Elephant society is organized as a matriarchy led by the oldest female. The "leading lady" gets the best food and the best place to sleep, but such status and power comes with responsibility, requiring her to lead the charge when there are conflicts with outsiders. She's the elephant in chief, with no male surrogate to take on the matriarch's battles.

Hillary may have lifted a (tree) leaf from the olive baboons, where female friends and female networks are more important to gathering political power than forging alliances with males. Her "husband" shows a greater kinship with the male rhesus monkey, the "quintessential opportunist," struggling for power to take control of everything. The rhesus males, according to one primatologist, have a "Machiavellian intelligence" and only help other monkeys who can do something for them: "They try to gain maximal benefits at minimal cost, and that's a strategy that seems to work."

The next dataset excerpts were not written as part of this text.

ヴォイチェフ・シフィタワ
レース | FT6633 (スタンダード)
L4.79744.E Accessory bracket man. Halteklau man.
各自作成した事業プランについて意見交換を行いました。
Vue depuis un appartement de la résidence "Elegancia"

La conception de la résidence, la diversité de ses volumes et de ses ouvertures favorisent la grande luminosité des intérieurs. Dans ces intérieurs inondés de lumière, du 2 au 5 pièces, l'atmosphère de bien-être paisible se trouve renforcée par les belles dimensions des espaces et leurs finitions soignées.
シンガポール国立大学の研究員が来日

The behavior of politicians, like other human behavior, is frequently compared to that of lower-order mammals. It was Aristotle who insisted that man is a "political animal." He drew on his experience from the laboratory, but the philosopher's point was to show how we were capable of rising above animals. The ability to utilize speech and reason lends us the theoretical ability to create a government to make things better for everyone. Yet every political season we're reminded how easy it is for the aggressive human animal to dominate other humans.

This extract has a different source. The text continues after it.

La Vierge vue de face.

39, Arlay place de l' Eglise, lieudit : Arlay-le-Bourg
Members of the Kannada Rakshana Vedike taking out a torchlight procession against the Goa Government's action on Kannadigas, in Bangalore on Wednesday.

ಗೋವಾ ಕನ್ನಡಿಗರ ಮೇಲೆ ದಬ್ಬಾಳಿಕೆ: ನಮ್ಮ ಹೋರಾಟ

Bill Clinton, ever ready to inject his aggressive instincts into the conversation, tries to put a light-hearted face on the pugilism between Hillary and Obama. "I know it's crazy, but I kind of like to see Barack and Hillary fight," he said, answering the rebuke of leading Democrats for dividing the party. "They're flesh and blood people and they have their differences," he said. Let them at it." Translated from politician-speak, he thinks he's helping her win the prize fight by luring Obama to stoop to their level of attack, to abandon his high-minded attempt to end divisiveness in the land. Doesn't Bill sound just like a rhesus monkey?

Bubba owes his wife big-time, but it's clear that he enjoys his "knock 'em, sock 'em" behavior in the campaign a lot more than he liked playing the statesman at the side of George H.W. Bush. A cursory reading of his most recent book, "Giving: How Each of Us Can Change the World," reveals that he finds little thrill in altruistic motivation, which probably explains why sales for the book have been sluggish. The former president is not interested in other people changing the world, only in seeing that the Clintons are seen doing that. Even his old friends at The Washington Post suggest that his book shows off Bill Clinton's Machiavellian intelligence: "He strokes some who might be helpful to his wife's campaign, lavishing praise, for instance, on his former vice president, Al Gore, who remains on the electoral sidelines with a potent following."

Desmond Morris, zoologist and author of the groundbreaking book "The Naked Ape," describes how man, the human animal, often fights for the same reasons that beasts of the jungle do — for dominance in a social hierarchy and to establish territorial rights. The overlay of civilization reduces violence in human fights, but our vocabulary is studded with metaphors drawn from aggression in animals. When the zoologist notes that animal fighting can lead to a "valuable victory," he warns that it can bloody the victor and do him irreparable harm. Human political fights have similar side effects without drawing actual blood.

Obama deserves credit for attempting to change the nature of the fight, but that may be impossible without help from the Clintons. The winner in each state must survive a bruising experience, but a knockout, whenever it comes, will make a return to the White House ever closer. The race is not about who's the best dancer, as Obama joked, but about who's the best brawler.